(PROBLEM):
Write out the listing below without alteration, omitting its pictures.

---- DATA BELOW

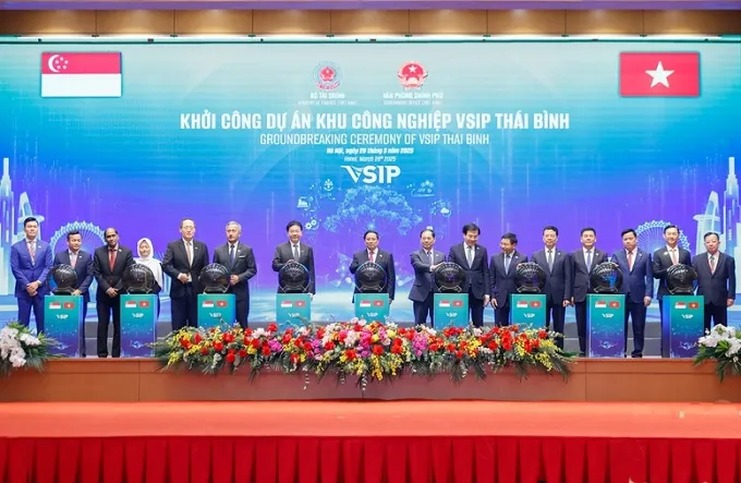 Thủ tướng Phạm Minh Chính và Thủ tướng Singapore Lawrence Wong dự lễ khởi công KCN VSIP Thái Bình
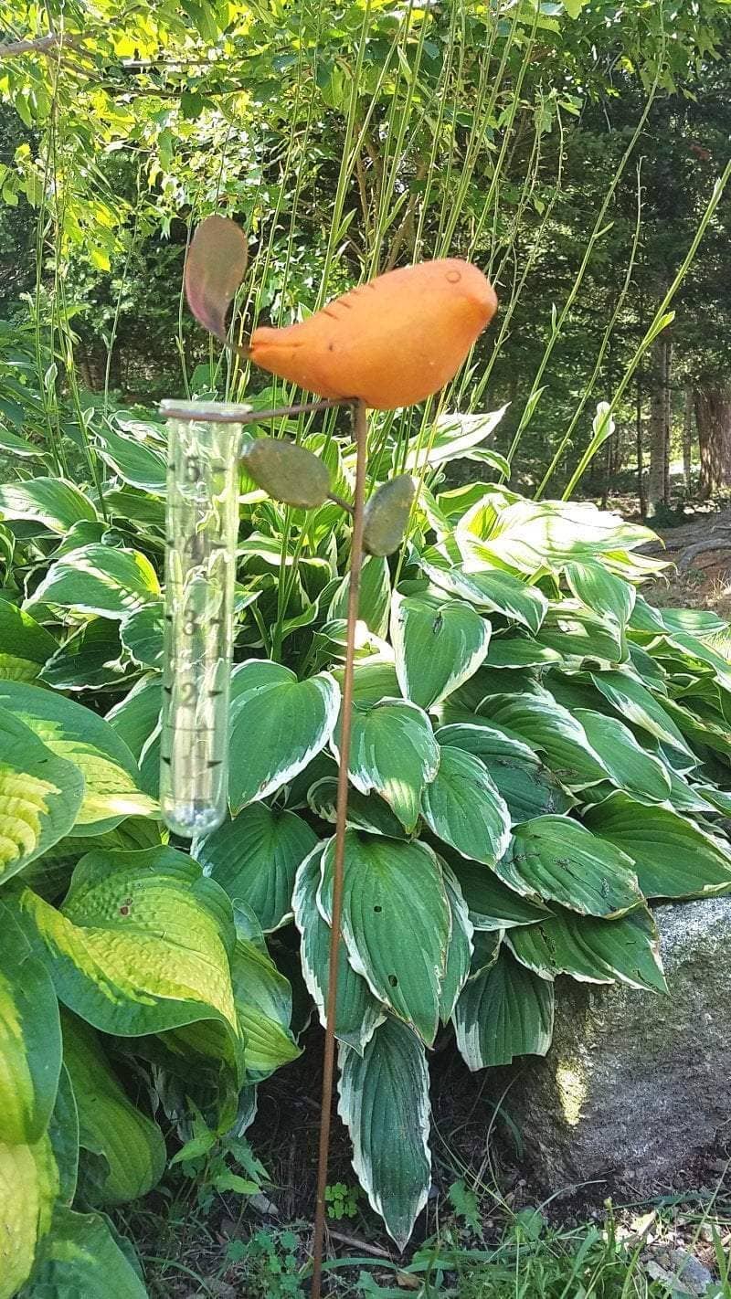 Serious gardeners know that measuring rainfall matters. So, why not measure in style? With our Spice Bird Rain Gauge, you’ll bring a pop of color and a punch of charm to your outdoor space. A strong metal stake also serves as a sturdy twig, holding up a cute little chick and a few handcrafted leaves. The rain gauge itself will report up to five inches of rainfall. Like all Happy Gardens rain gauges, this item was made with the finest of materials and was handcrafted to last.
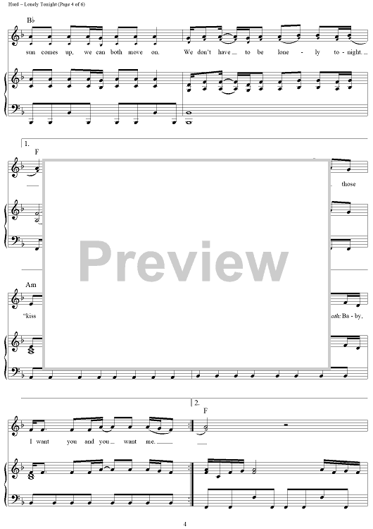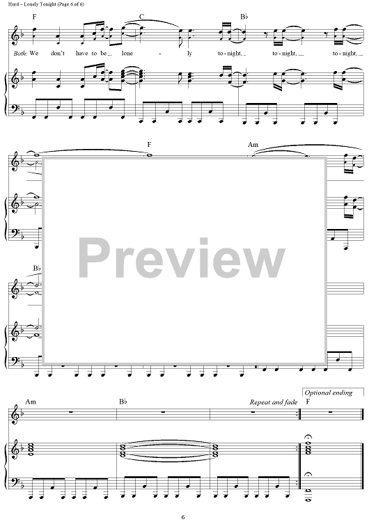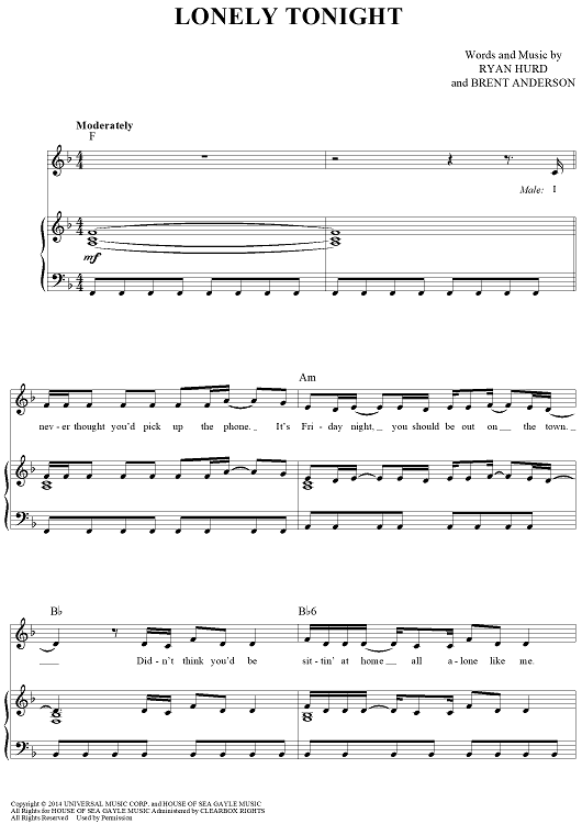 Digital Sheet Music for Lonely Tonight by Blake Shelton, Ashley Monroe, Ryan Hurd, Brent Anderson scored for Piano/Vocal/Chords; id:449111
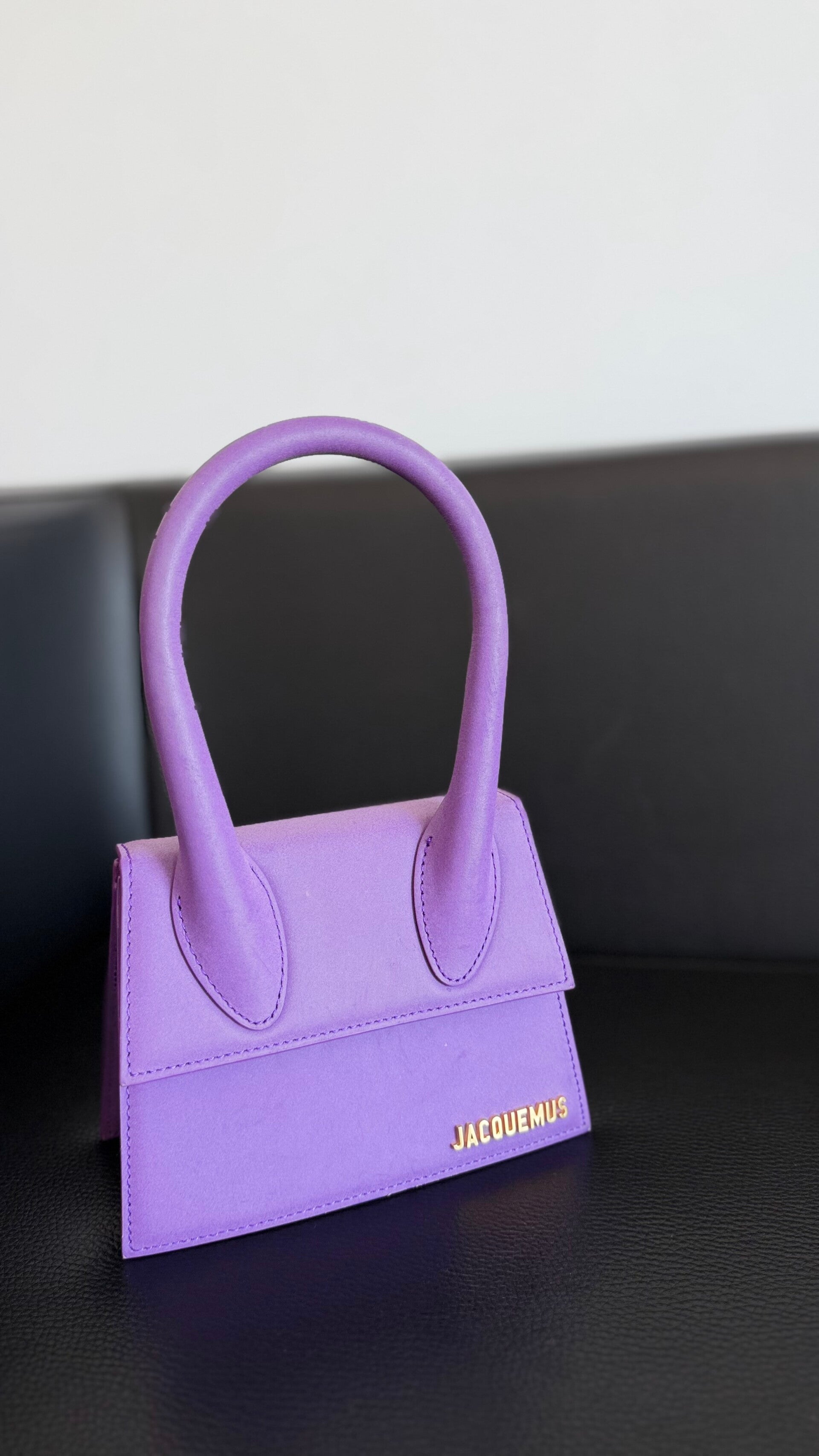 Iconica mini bag firmata Jacquemus dal design scultoreo e contemporaneo, proposta in una raffinata tonalità lavender. Un accessorio statement, perfetto per completare look minimal o dare carattere a outfit più essenziali.

--------

(COMPLETED EXERCISE):
 Thủ tướng Phạm Minh Chính và Thủ tướng Singapore Lawrence Wong dự lễ khởi công KCN VSIP Thái Bình
 Serious gardeners know that measuring rainfall matters. So, why not measure in style? With our Spice Bird Rain Gauge, you’ll bring a pop of color and a punch of charm to your outdoor space. A strong metal stake also serves as a sturdy twig, holding up a cute little chick and a few handcrafted leaves. The rain gauge itself will report up to five inches of rainfall. Like all Happy Gardens rain gauges, this item was made with the finest of materials and was handcrafted to last.
 Digital Sheet Music for Lonely Tonight by Blake Shelton, Ashley Monroe, Ryan Hurd, Brent Anderson scored for Piano/Vocal/Chords; id:449111
 Iconica mini bag firmata Jacquemus dal design scultoreo e contemporaneo, proposta in una raffinata tonalità lavender. Un accessorio statement, perfetto per completare look minimal o dare carattere a outfit più essenziali.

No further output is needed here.